Future missions are largely spent combating hunters, who are on the island to capture the dinosaurs and take them to a theme park. The hunters are hostile to the playable characters and will attack them on foot, using Jeeps, and tanks in later levels. In one mission, the characters must free a baby T. Rex and other captured dinosaurs from the hunters' camp, then in the next, return it to its nest and free the mother, who has been captured by the hunters.

Later in the game, the hunters blow up the playable characters' communications transmitter. The characters make their way to the InGen Communications Center (as in the film) to contact help. In the game's final level, the characters must all make their way to a helipad where they can be picked up. If these missions are completed, a bonus mission is opened where the player can play as the mother T. Rex in San Diego making her way to the freighter where her baby is, and combating hunters on the way.

==Gameplay==
Only Malcolm, Van Owen, Carr and a "Research Assistant" are available from the start; Harding and Curtis become playable shortly into the game. The player can have more than one Research Assistant. Each of the characters has a different level of speed, eyesight (used for uncovering the fog of war) and number of supplies they can carry at one time. Each character can carry a gun that can be used against dinosaurs and hunters. Each character costs a certain number of points when selected for use in a level. There is a limited number of points that can be spent before the level begins, but when collecting supplies, the points can be spent on bringing in characters during the level. Hammond appears in cutscenes between levels.
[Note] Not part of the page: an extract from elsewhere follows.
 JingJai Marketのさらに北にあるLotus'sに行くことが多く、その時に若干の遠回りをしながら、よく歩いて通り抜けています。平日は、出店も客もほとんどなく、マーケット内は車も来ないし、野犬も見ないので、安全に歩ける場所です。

The game includes three difficulty levels and 12 missions, except on the Easy level of difficulty, where the last two missions are left out. In each mission, the player is required to build a base camp, which can be used for gathering supplies and dinosaur eggs. Any character can build structures. They can then collect supplies which can be found on the map. Among the structures which can be built are shelters for healing characters (Shelters, and Hardened Shelters which heal faster), nests for hatching friendly dinosaurs (Artificial Nest, and Incubator where the egg hatches quicker), High Hides for protecting characters, and buildings where points can be used to upgrade character speed, eyesight, and defense.
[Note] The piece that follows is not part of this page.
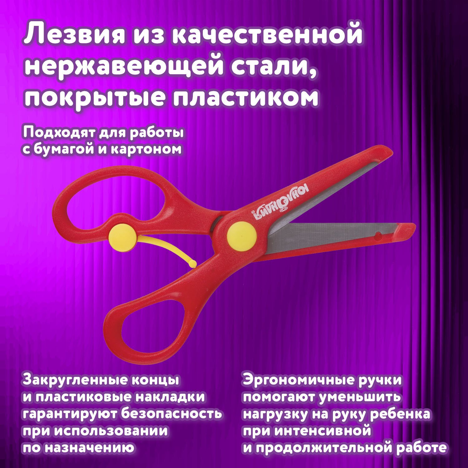 Ребенок без труда сможет пользоваться такими ножницами, так как их длина - 140 мм. Закругленные концы и пластиковые накладки гарантируют безопасность при использовании ножниц по назначению. Лезвия изготовлены из прочной нержавеющей стали, что обеспечивает максимально долгий срок службы и аккуратное разрезание разных видов материалов. Усилитель помогает ребенку вернуть лезвия в исходное положение, облегчая тем самым работу с ножницами. Предназначены для правши.

The game's plot also requires the characters to breed and train a team of fighting dinosaurs that can be used against enemies. Eight dinosaurs from the films are featured, including Parasaurolophus, Compsognathus, Pachycephalosaurus, Dilophosaurus, Stegosaurus, Velociraptor, Triceratops and Tyrannosaurus. The game begins with just the first two, with stronger dinosaurs appearing in later missions. All wild dinosaurs (which wear white collars) are generally hostile to both the characters and hunters. However, the game features dinosaur nests with eggs, which can be collected by the characters and hatched, producing dinosaurs wearing blue collars which can be controlled by the player.

Herbivorous dinosaurs can replenish their health by eating plants, while carnivores do so by eating hunters or other dinosaurs. In the last three missions, the hunters become able to hatch dinosaurs of their own, which wear red collars and are hostile to the player. There are situations where wild dinosaurs can be lured or baited in to fighting hunters as they tend to attack nearby characters on either side; sometimes hunters also provoke them.

==Development==
Noah Falstein was the lead designer for Chaos Island. Falstein considered Chaos Island to be a challenging concept, being a real-time strategy game aimed at young children between the ages of 8 and 12. Chaos Island was unveiled at the Electronic Entertainment Expo (E3) in June 1997.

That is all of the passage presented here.